В мае 1949 года мы с И. И. Кяйверяйненом, моим петрозаводским деканом и приятелем, возвращались с заседания президиума местного общества по “распространению знаний”. Иван Иванович сказал мне: “Что-то у меня неважное настроение, последние ночи мне все снится ГПУ”.
Через полчаса после прощания с ним раздался стук в дверь моей квартиры. “Кто здесь живет?” — “Такой-то”. — “Вас-то нам и надо!” Вошли несколько человек в демисезонных пальто, но под штатскими пальто на них была форма госбезопасности. Старшим группы был подполковник — начальник оперативного отдела Министерства госбезопасности. Он предъявил мне ордер на “обыск-арест”.
Кончились шесть лет между двумя тюрьмами. Все эти шесть лет я днем жил на свободе, а ночью видел себя в тюрьме. Начинался новый период: днем я сидел в тюремной камере, а во снах жил на воле.

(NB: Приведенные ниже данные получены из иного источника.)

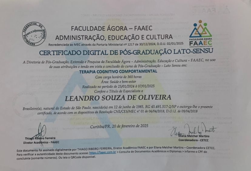 Sou paciente do Leandro desde 2017 e ele sempre me acolheu com muita empatia e profissionalismo. Ao longo desses anos, me ajudou a enfrentar e superar diversas dores emocionais, sempre com uma escuta atenta e sem julgamentos. As sessões com ele me proporcionam um espaço seguro para refletir, me conhecer melhor e evoluir como pessoa. Confio muito no seu trabalho e recomendo de coração.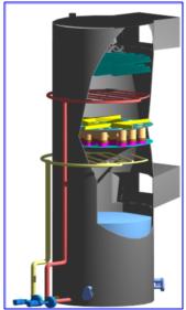 這(zhe)種結構的目(mu)的是通過空(kong)氣(qi)動力學(xue)、流體(ti)(ti)力學(xue)技(ji)術和(he)優化設計(ji)方法,將氣(qi)液的高(gao)速、高(gao)強度摻混(hun)和(he)氣(qi)液的充分分離有(you)機(ji)地組合在(zai)一(yi)個塔體(ti)(ti)之內。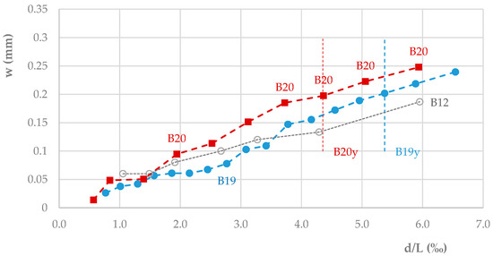 The w-values of the beams in Group VI (As = 3ϕ16) are shown in Figure 17. These beams were tested at about 2 years old. Here, the axial constraint was initially activated: Ncr ≈ 51 kN and Ny ≈ 120 kN. It is also important to point out that it was used a self-compacting concrete with shrinkage reducing admixtures. The lower w-values of Beam B19 (A’s = 2ϕ10) relative to Beam B20 (A’s = 2ϕ16) confirm that less compressive reinforcement results in lower w-values and later yielding. For these beams, cracking visualization started at d/L ≈ 0.67‰, with w = 0.020 mm. In turn, the yield occurred for equivalent amounts; d/L ≈ 4.9‰, with w ≈ 0.20 mm. Regarding the previous results (Groups III and IV), the comparison must consider the axial restriction. In any case, yield occurs for a similar sag, with a deviation of less than 6.5%; the w-value is relatively higher, with about 11% deviation.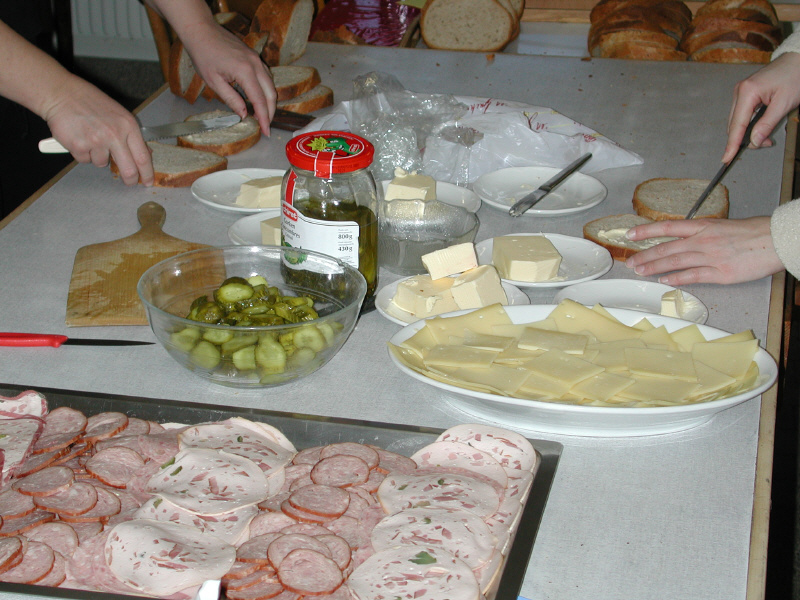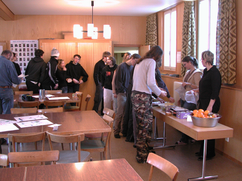 Heute Morgen, zeichnete sich ab, dass heute nur wenige auf die Piste gehen werden. Dass Wetter war nämlich nicht so toll wie wir das gern gehabt hätten. Es schneite und war Neblig. Noch etwas Neblig war auch der Blick vieler, als wir uns um 8:15 wieder im Aufenthaltsraum versammelten. Das Thema war Taschentheater. Mit 3 oder 4 Gegenständen musste ein kleiner "Kurzfilm" produziert werden. Obwohl die meisten wohl noch im Halbschlaf waren, liefen einige zu kreativen Höhepunkten auf! =) Doku, Action, Drama, Komödie, Special Effekt-Film, die Spanne des Film-Gernre war gross. Natürlich wurden die Clips durch eine drei Köpfige Jury bewertet. Gewonnen hat prompt die Titanikschnulze mit 3 Oscars. Der 1. Preis war zwar nicht so glamurös wie eine Oscarstatue, aber ein Snicker schmeckt dafür besser! Ausser ein, zwei Ausnahmen beschlossen alle sich "abseits" der Piste zu vergnügen. Eine Gruppe machte sich auf und relaxte in einer Sauna, andere gingen Billiard spielen. Andere "chillten" lieber einfach nur. Am Abend gab es dann Bernerplatte mit Sauerkraut und Zungenwurst. Im Aufenthaltsraum wurde dann über Politik geredet und diskutiert. Um 9.30 durften wir dann endlich unsere Zeit wieder selbst gestalten: Ausgang!!!

Арестованного, меня прямо из машины доставили в кабинет министра; и далее во время следствия я числился “за министром”, хотя практически меня более всего допрашивал начальник следственной части подполковник Галкин. Министр разговаривал крайне высокомерно. Он начал с упреков, что я не благодарен советской власти, которая, якобы, “вывела меня из черты оседлости”. Он сказал: “Никаких авансов я Вам делать не собираюсь, но советую полностью разоружиться”. После этого меня отвели во внутреннюю тюрьму.